:: Instructions to follow ::
Every line from the one with "어묵이 노릇노릇해질 때까지 중불로 볶아주세요" up to and including the one with "Figura de cerámica mujer con sombrilla" is to be output exactly as it appears below; pictures are not.

:: Stored data ::

§ §

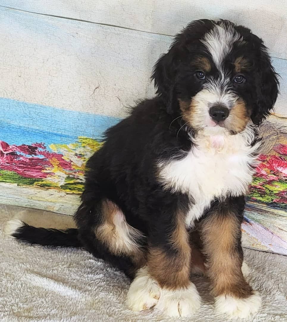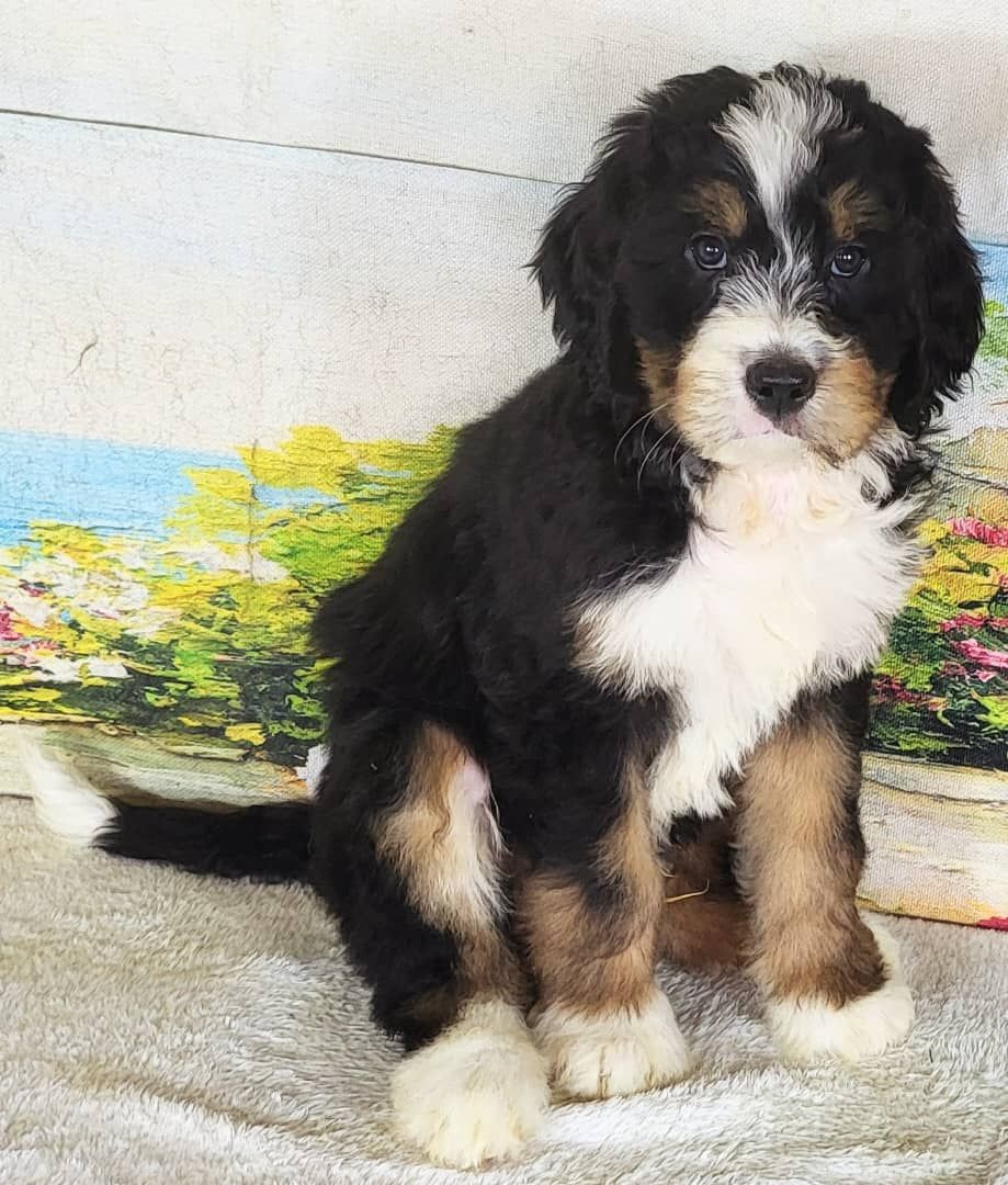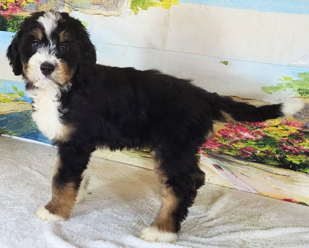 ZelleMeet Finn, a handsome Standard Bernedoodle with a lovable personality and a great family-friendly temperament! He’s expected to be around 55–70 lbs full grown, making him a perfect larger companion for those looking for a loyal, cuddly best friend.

§ §

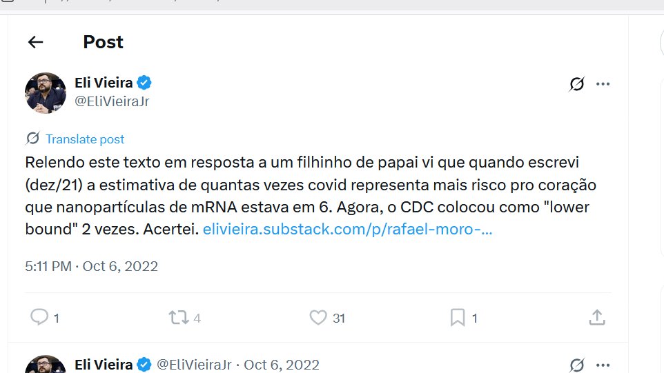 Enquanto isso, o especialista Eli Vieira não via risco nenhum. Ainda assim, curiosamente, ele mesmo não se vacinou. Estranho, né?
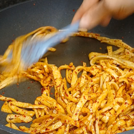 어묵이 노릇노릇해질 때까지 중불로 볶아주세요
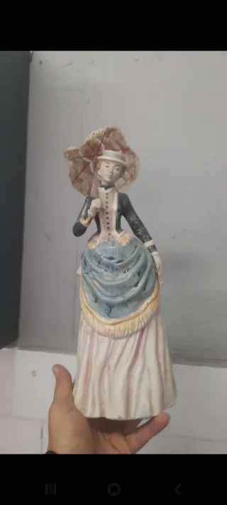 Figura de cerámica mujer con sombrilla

§ §

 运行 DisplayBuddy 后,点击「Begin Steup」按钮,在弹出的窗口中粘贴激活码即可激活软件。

§ §

:: Response below ::
 어묵이 노릇노릇해질 때까지 중불로 볶아주세요
 Figura de cerámica mujer con sombrilla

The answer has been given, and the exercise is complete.